Jan. 10, 2021, midnight UTC

Current

Post Evaluation

Feb. 1, 2021, midnight UTC

End

Competition Ends

Never

Overview
Evaluation
Terms and Conditions

Multilingual and Cross-lingual Word-in-Context Disambiguation

Introduction

Over recent years, computational lexical semantics has seen a surge of interest in a wide range of approaches, from multi-prototype embeddings to sense-based and contextualized embeddings, all aimed at providing some form of representation and understanding of a word in context. However, evaluating such a variety of approaches in a single framework is not easy. For instance, traditional Word Sense Disambiguation (WSD) fails to test latent representations unless these are linked to explicit sense inventories such as WordNet and BabelNet. To address this limitation, we propose a innovative common evaluation benchmark which allows to measure and compare the performance of the aforementioned context-based approaches. In this task, we will follow and extend Pilhevar and Camacho-Collados (2019), who proposed a benchmark consisting of semi-automatically-annotated English sentence pairs, which requires systems to determine whether a word occurring in two different sentences is used with the same meaning or not, without relying on a pre-defined sense inventory.

Task overview

Multilingual and Cross-lingual Word-in-Context Disambiguation (MCL-WiC) is the first SemEval task for Word-in-Context disambiguation which tackles the challenge of capturing the polysemous nature of words without relying on a fixed sense inventory in a multilingual and cross-lingual setting. MCL-WiC provides a single high-quality framework for the performance evaluation of a wide range of approaches aimed at evaluating the capability of a system to deeply understand word meaning. Compared to other datasets, MCL-WiC brings the following novelties:

it addresses multilinguality and cross-linguality,
it provides coverage of all parts of speech, and
it covers a high number of domains and genres.

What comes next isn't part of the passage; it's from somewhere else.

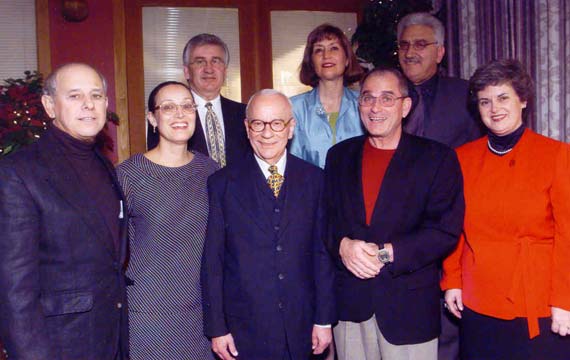 (Back row, left to right) Bill Gatzoulis, President of Paideia of New Hampshire; Penelope Salmons; Dino Siotis, Director of the Press Office of the Consulate General of Greece in Boston and Editor of MondoGreco literary magazine; (front row, left to right) Christos and Mary Papoutsy, series benefactors and members of the advisory board; Dr. John C. Rouman, Professor Emeritus of the Classics Department of the University of New Hampshire; Dr. Stanley Lombardo, guest performer and lecturer; Prof. Nina Gatzoulis of the Modern Greek Program of the University of New Hampshire.

Participating systems will be asked to perform a binary classification task in which they indicate whether the target word is used in the same meaning (tagged as T for true) or in a different meaning (F for false) in the same language (multilingual dataset) or across different languages (cross-lingual dataset). Below you can find two examples of sentence pairs, the first one from the multilingual part and the second one from the cross-lingual part:

la souris mange le fromage -- le chat court après la souris
click the right mouse button -- le chat court après la souris

In the first sentence pair, the target word souris will be tagged with T (True) since it is used in the same meaning in both sentences. Instead, in the second sentence pair, the target word mouse and its corresponding translation into French are used in two distinct meanings, therefore, in this case, the expected output will be F (False).

Languages

The following languages will be considered:

Arabic
Chinese
English
French
Russian

Annotation

The manual annotation was performed according to the following criteria. Given a target word w occurring in two sentences in the same language (multilingual task) or a target word w in the first sentence in one language and the corresponding target word w' in the second sentence in a second language, we used the tag:

T if the two words are used in the same exact meaning.
F if the two words are used in two different meanings (such as race in the meaning of competition vs. that of breed).

Important dates

Trial data: July 31, 2020
Training data ready: October 26, 2020
Test data ready: December 3, 2020
Evaluation starts: January 10, 2021
Evaluation ends: January 31, 2021
Paper submission due: February 23, 2021
Notification to authors: March 29, 2021
Camera ready due: April 5, 2021
SemEval workshop: Summer 2021

Key links

Github data repository: mcl-wic
Discussion forum: https://competitions.codalab.org/forums/23750/
Link to the paper: https://raw.githubusercontent.com/SapienzaNLP/mcl-wic/master/SemEval_2021_Task_2__Multilingual_and_Cross_lingual_Word_in_Context_Disambiguation__MCL_WiC___Paper_.pdf

Acknowledgments

The organizers gratefully acknowledge the support of the ELEXIS EU project No. 731015 and the MOUSSE ERC Consolidator Grant No. 726487 under the European Union’s Horizon 2020 research and innovation programme.

References

Pilehvar, Mohammad Taher, and Jose Camacho-Collados. WiC: the word-in-context dataset for evaluating context-sensitive meaning representations. Proceedings of NAACL-HLT 2019, pages 1267-1273.

Evaluation Criteria

Systems will be asked to perform a binary classification on each sentence pair in the dataset, for which they will have to output T or F depending on whether a given target word occurring in two sentences is used with the same meaning or with a different meaning respectively. The goal is to determine to what degree systems can discriminate meanings within and across languages without necessarily relying on an explicit sense inventory.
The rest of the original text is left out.